Margaret Cavendish’s legacy
The general ambivalence towards Margaret Cavendish’s writing also has its roots in Virginia Woolf. The latter not only wrote about the Duchess in A Room of One’s Own (1929), but she had already dedicated an article to her in the Common Reader (1925).
In the former work, Woolf investigated the reasons for female hesitancy towards writing. Using Cavendish as a counterexample, a bogey to frighten clever girls, Woolf ends up in her unfair judgement of the female philosopher. Woolf mocked her as follows: “What a vision of loneliness and riot the thought of Margaret Cavendish brings to mind! as if some giant cucumber had spread itself over all the roses and carnations in the garden and choked them to death.” Some years before, Woolf’s criticism was far tenderer, yet still cruel: “There is something noble and Quixotic and high-spirited, as well as crack-brained and bird-witted, about her. Her simplicity is so open; her intelligence so active; her sympathy with fairies and animals so true and tender. She has the freakishness of an elf, the irresponsibility of some non-human creature, its heartlessness, and its charm.”
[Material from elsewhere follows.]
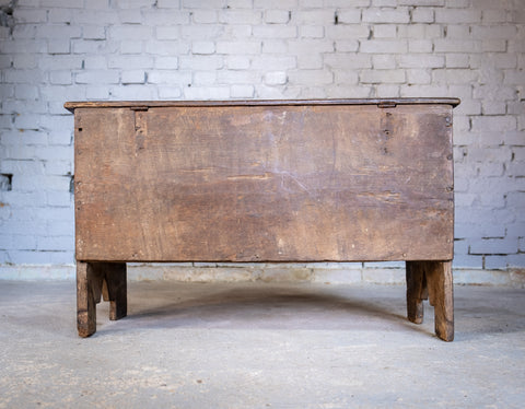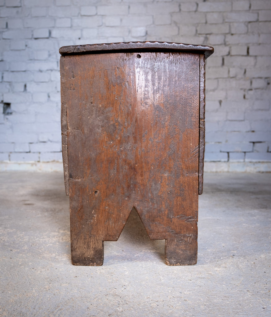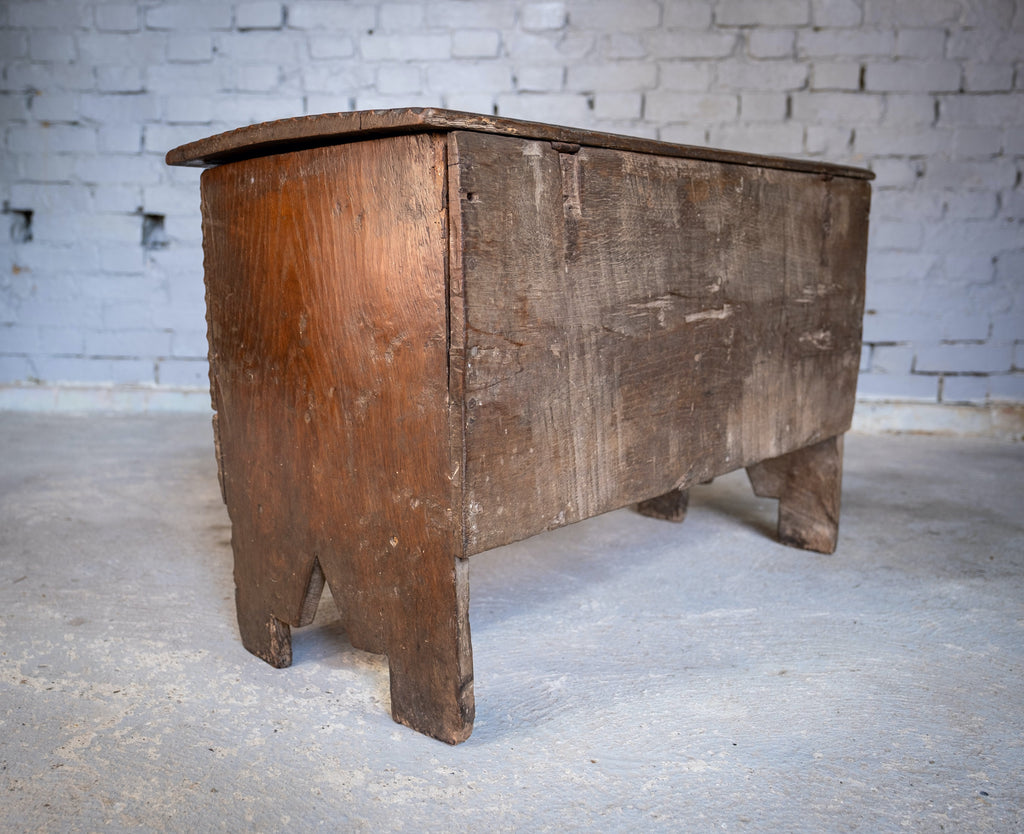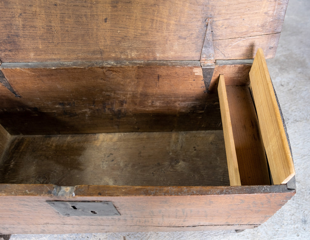 The coffer has a wonderful colour throughout and is very tactile. There is a wood shrinkage split across the front left of the coffer, and an area of warping to rear left joint. The lid has later replacement hinges and opens and closes with ease. The interior has a later candle box.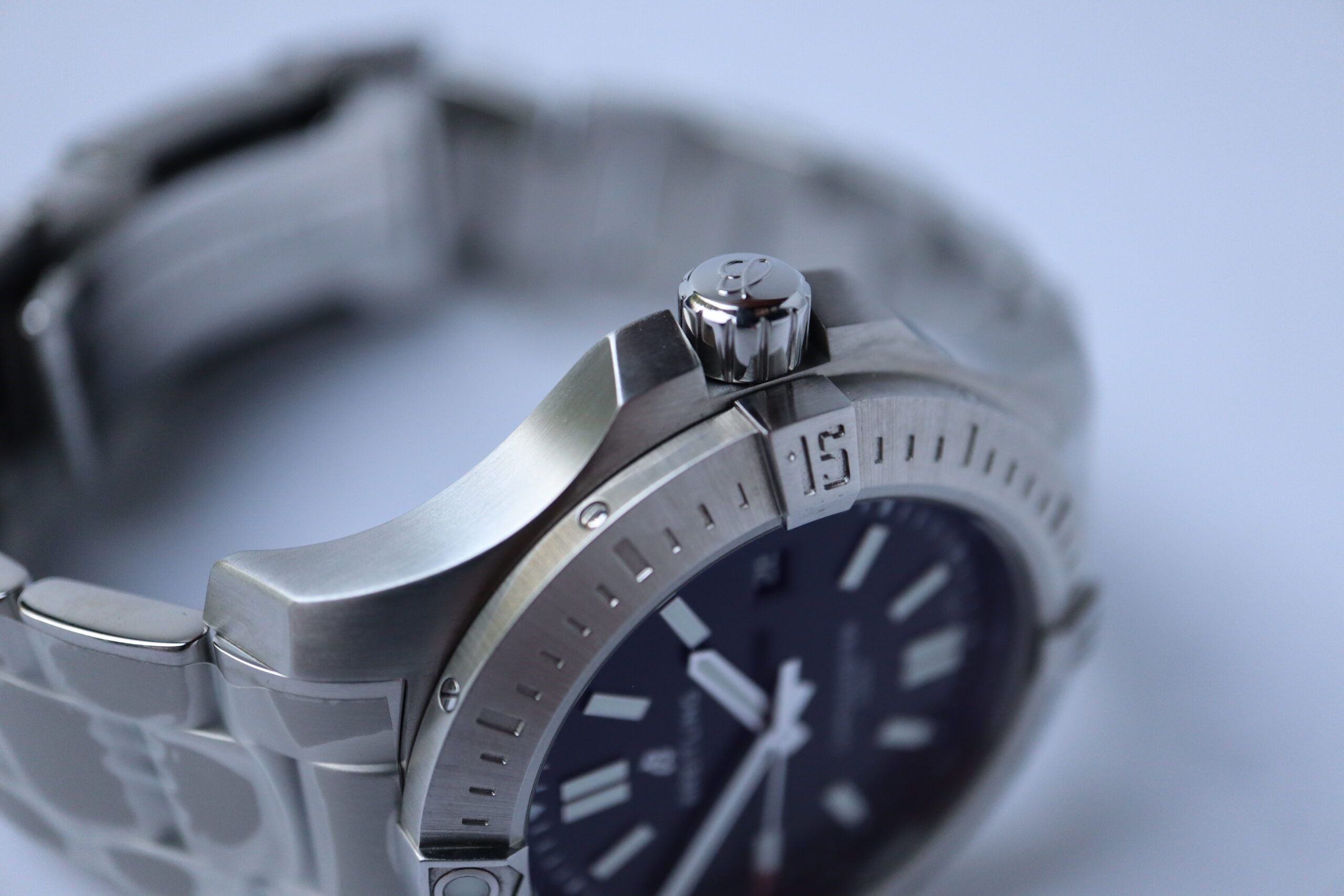 In the 1980s, Breitling developed the Colt for the armed forces. The no-nonsense dial had luminescent indexes with a subset of military hours for easy readability, even in low light. Breitling gave it a super sturdy case, with an extra-wide bezel and raised riders, so the crystal wouldn’t take a beating during military exercises. The Colt came in a variety of calibers, both mechanical and SuperQuartz. While this line has been discontinued, you can find an updated alternative in our Avenger collection.

Was Woolf influenced by the scorn of Cavendish’s critics, or was her taste just not attuned with the duchess’s extravagant style? Either way, she finally admitted the duchess’s potential: “She should have had a microscope put in her hand. She should have been taught to look at the stars and reason scientifically. Her wits were turned with solitude and freedom. No one checked her. No one taught her.”
Today Margaret Cavendish’s legacy seems to have been recovered. The International Margaret Cavendish Society is an institution dedicated to increasing awareness of her life and work. In addition, several articles, books, and theses have been written in the last few decades which explore her life, her philosophy, and unique thought.